別の先輩スタッフなど、大学の勉強が忙しくなるからと退職を願い出ても、損害賠償請求をちらつかされて泣く泣く働き続けているという話だ。糸美には難しい法律の話などはよくわからなかったが、責任を果たさず店に迷惑をかけることは許さないと店長が怒鳴るのを聞けば、大人の世界はそういうものなのかと納得せざるを得なかった。
「糸美ちゃんもさ、無理しすぎたらダメだよ」
自分の何倍も無理をしている持子にそう言われ、糸美はなぜだかこっちまで泣きそうな気持ちになった。
小学生の弟がインフルエンザに倒れたのはその翌日のことだった。両親は仕事を休めないので、糸美は朝から高校を欠席して弟を病院に連れていき、帰宅後も高熱に苦しむ弟の看病に汗を垂らした。この日も夕方からバイトのシフトが入っていたが、さすがに休むしかないと思った。
だが、どうしても頭によぎるのは、昨日の持子の話だった。親が倒れても実家に帰らせてくれないあの店長が、弟の看病くらいでバイトを休ませてくれることがあるだろうか――?
案の定、電話越しの店長の声は、いつになく嫌味で、いつになく怒気に満ち、いつになく険しかった。
「そんな理由で休めると思ってんのか? 代わりは居ないんだからサボらず出てこい」
「で、でも、ウチは両親共働きで、わたししか看病できる人がいなくて……」
「赤ん坊じゃねえんだろ、一人で寝かしとけばいいだろうが。お前、社会に出てからもそんな理由で仕事休むつもりか!? 弟が風邪引いたから会社休みますって言えんのかよ! 大人の社会を舐めんじゃねえぞ!」
いいから出てこい、欠勤したら今月分の給料全部無しにするからな、と執拗にがなり立てられ、糸美はやむなく家を出た。
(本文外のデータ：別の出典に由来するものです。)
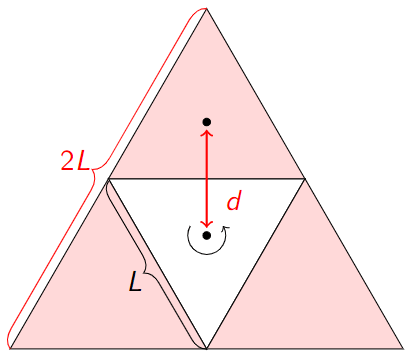 , being rotated about a central axis, we can exploit its rotational symmetry and the use the principle of self-similarity, surrounding the original triangle (in white) with three copies of itself (in red).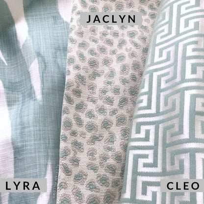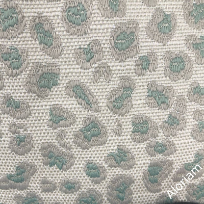 Jaclyn is a leopard pattern pillow cover with the leopard spots woven in a mineral green center rimmed in gray on an off-white background.

弟は幸い、薬が効いて眠っていたが、親が家に帰ってくるのはまだ何時間も先だ。ただでさえ病弱で、幼稚園の時には肺炎で死にかけたこともある弟のことだ。たった数時間でも目を離すのは怖い。そんな弟を置き去りにして、自分はどうしてバイトになんて行けるのだろう。
トボトボと勝手に歩く足を何度も止めようと逡巡していた、そのとき。
「キミがバイト如きに縛られる必要はない! 無論、キミの先輩もな!」
力強い男性の声が、彼女の耳に響いた!
その場に現れたのは、巨大なロケットランチャーを肩に担いだ覆面の男!
「許すな! 逃がすな!
「喰らえ、開幕ロケットランチャー!!」
瞬殺!!
ロケットランチャー仮面の構えたロケットランチャーが火を噴き、糸美や持子を苦しめたコンビニが、店長が、一瞬にして爆発四散する!!
「これにて一件落着!」
糸美達を苦しめるものは最早何もなかった。呆然とする彼女に見送られ、ロケットランチャー仮面は夕陽の中に去ってゆく。